L'orateur donne son propre exemple : il continuerait à faire des vidéos YouTube, à écrire des livres et à donner des conférences même sans l'argent, car il y trouve du plaisir et de l'épanouissement. Cependant, il ne ferait probablement pas de partenariats commerciaux s'il avait des millions en banque. Il invite à faire une liste des activités que l'on aimerait faire même à la retraite et de celles que l'on éviterait si possible.

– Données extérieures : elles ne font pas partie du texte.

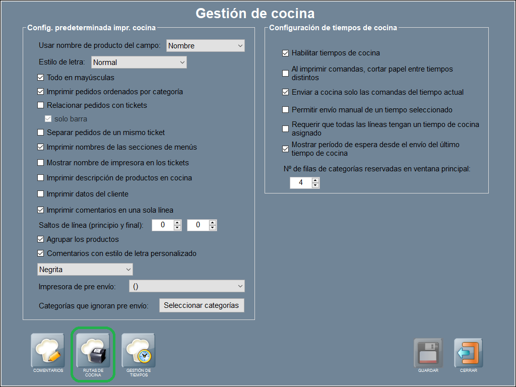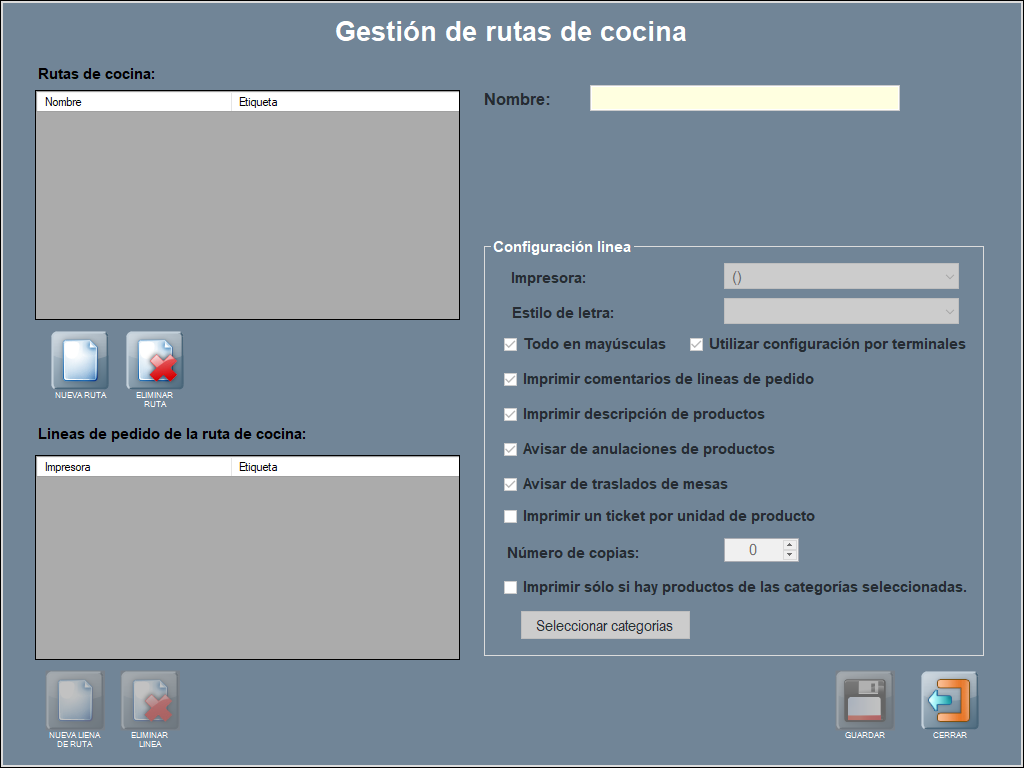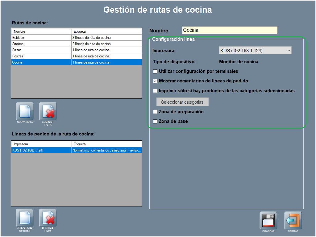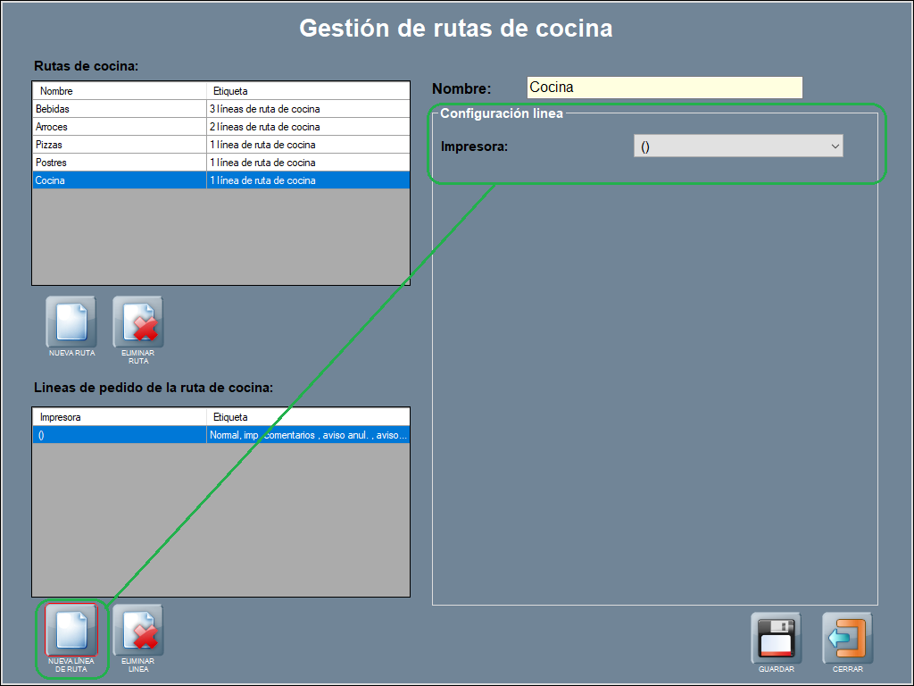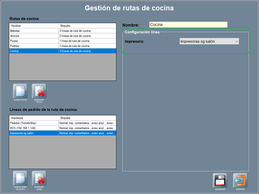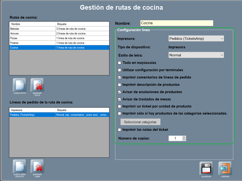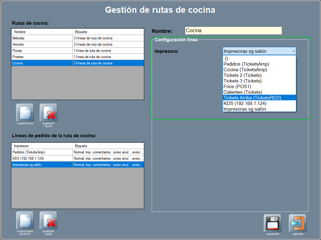 Las rutas de cocina tienen como objetivo, principalmente, la impresión múltiple: es decir, imprimir la misma comanda por varias impresoras.

Un avantage de créer sa propre entreprise est le contrôle accru sur son travail. L'orateur, en tant que chef d'entreprise, peut déléguer les tâches qu'il n'aime pas, ce qui lui permet de se concentrer sur les activités qui l'énergisent et qui génèrent le plus de revenus pour l'entreprise. C'est un cercle vertueux.
L'orateur encourage tout le monde à essayer de créer une entreprise, même si l'on ne veut pas être entrepreneur. Il y a peu de différence entre un entrepreneur et un employé : un entrepreneur a plusieurs clients, un employé en a un. En fait, un employé est déjà un entrepreneur qui vend son temps au plus offrant.
Être propriétaire d'entreprise est plus stressant en raison de la responsabilité des profits et pertes. Cependant, l'expérience est souvent irréversible : peu de gens qui réussissent en affaires retournent à un emploi salarié. Cela peut arriver si une opportunité passionnante se présente (travailler pour OpenAI, Google, Apple), mais généralement, les entrepreneurs préfèrent ne pas revenir à un emploi.
L'entrepreneuriat donne plus de contrôle sur la génération de revenus, même si c'est plus stressant et plus difficile. C'est un compromis : échanger un 9h-17h contre un 24h/24 et 7j/7. L'orateur regrette la capacité de "déconnecter" qu'il avait en tant que médecin. En fait, plus on gagne d'argent, plus le travail, qu'il s'agisse d'un emploi ou d'une entreprise, tend à devenir un 24h/24 et 7j/7. Mais comme pour avoir des enfants ou être marié, les gens ne regrettent généralement pas d'avoir créé une entreprise réussie.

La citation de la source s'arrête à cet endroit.